In case you are unable to find that out another alternative is to do structured exception handling in the areas where you suspect crashes to occur. Once the crash occurs you capture what ever data you want and process it. Meanwhile you can change the settings in windows service manager to restart your application whenever it crashes. Hope this answers your question.
Also in case you are looking for methods to capture the crash and analyse debugdiag and windbg are some of the standard tools that people use to take the crash dumps.
If your in Windows you need to write your own custom runtime check handler. Use:
_RTC_SetErrorFunc
to install your custom function in place of
_CrtDbgReport.
Here is a good article on how to do it:
http://msdn.microsoft.com/en-us/library/40ky6s47(VS.71).aspx
If by run-time error you mean an unhandled exception, don't do it. If an unhanded exception propagates through your code, you want your app to crash. Maybe create a dumpfile on the way down, sure. But the last thing you want to do is catch the exception, do nothing, and continue running as if nothing had happened in the first place.

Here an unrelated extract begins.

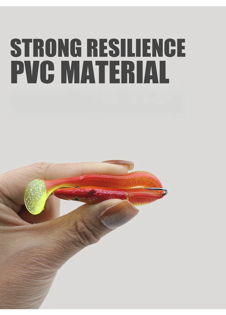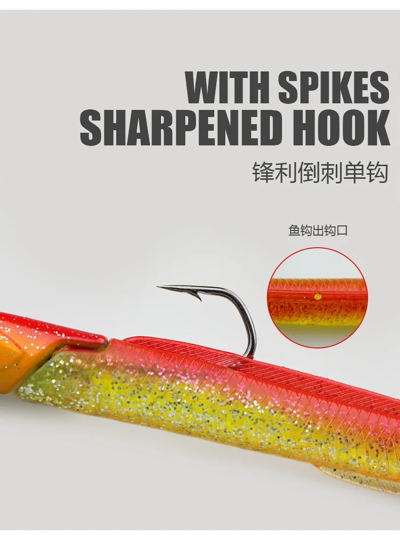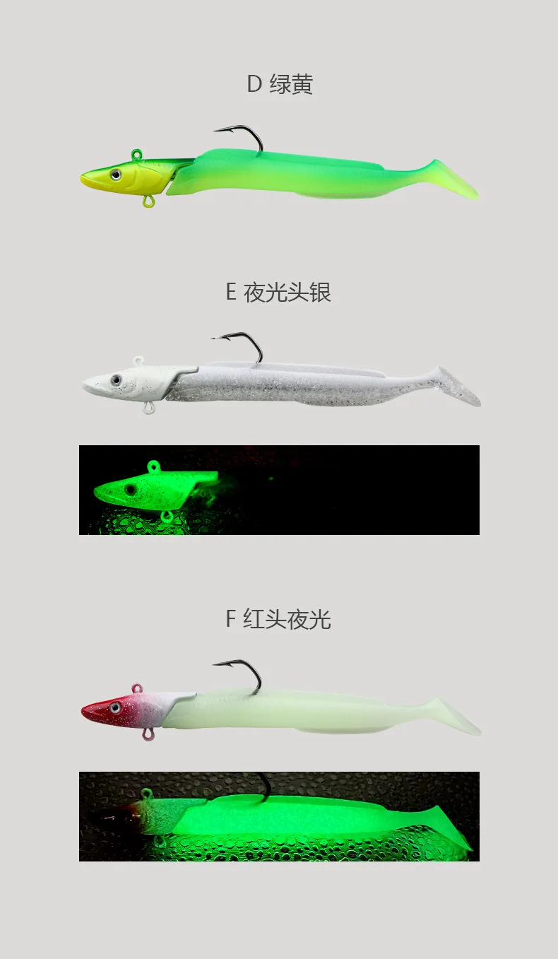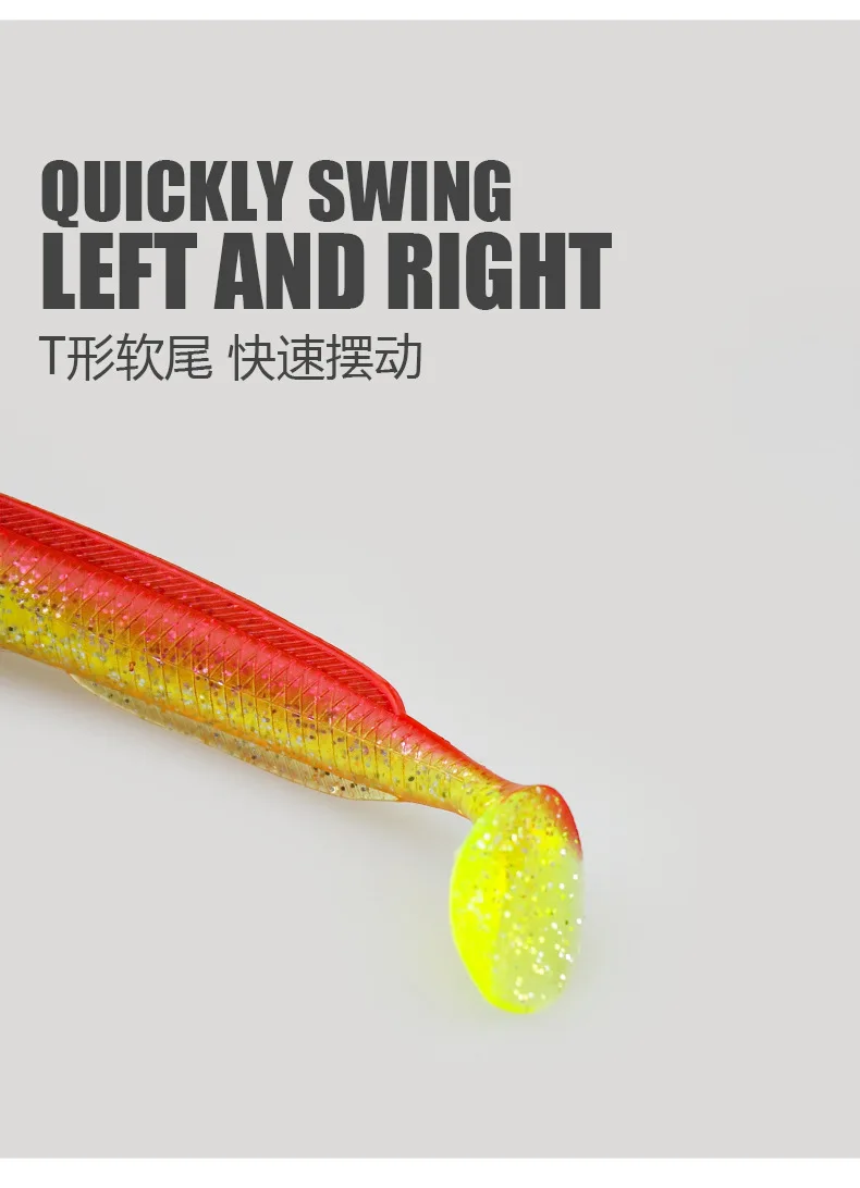 SWOLFY-Juego de señuelos blandos para pesca, cola en T luminosa, 12cm, 23g, cabeza de plomo de hundimiento lento, cebo de simulación Artificial para lubina/Trou

When an exception is generated, whatever caused the problem could have had other effects. Like blowing the stack or corrupting the heap. If you were to silently ignore these exceptions and continue running anyway, your app might run for a while and seem OK, but something underneath is unstable. Memory could be corrupt, resources might not be available, who knows. You will eventually crash. Bu ignoring unhandled exceptions and running anyway, all you do is delay the inevitable, and make it that much more difficult to diagnose the real problem, because when you do crash, the stack will be in a totally different and probably unrelated place from what caused the initial problem.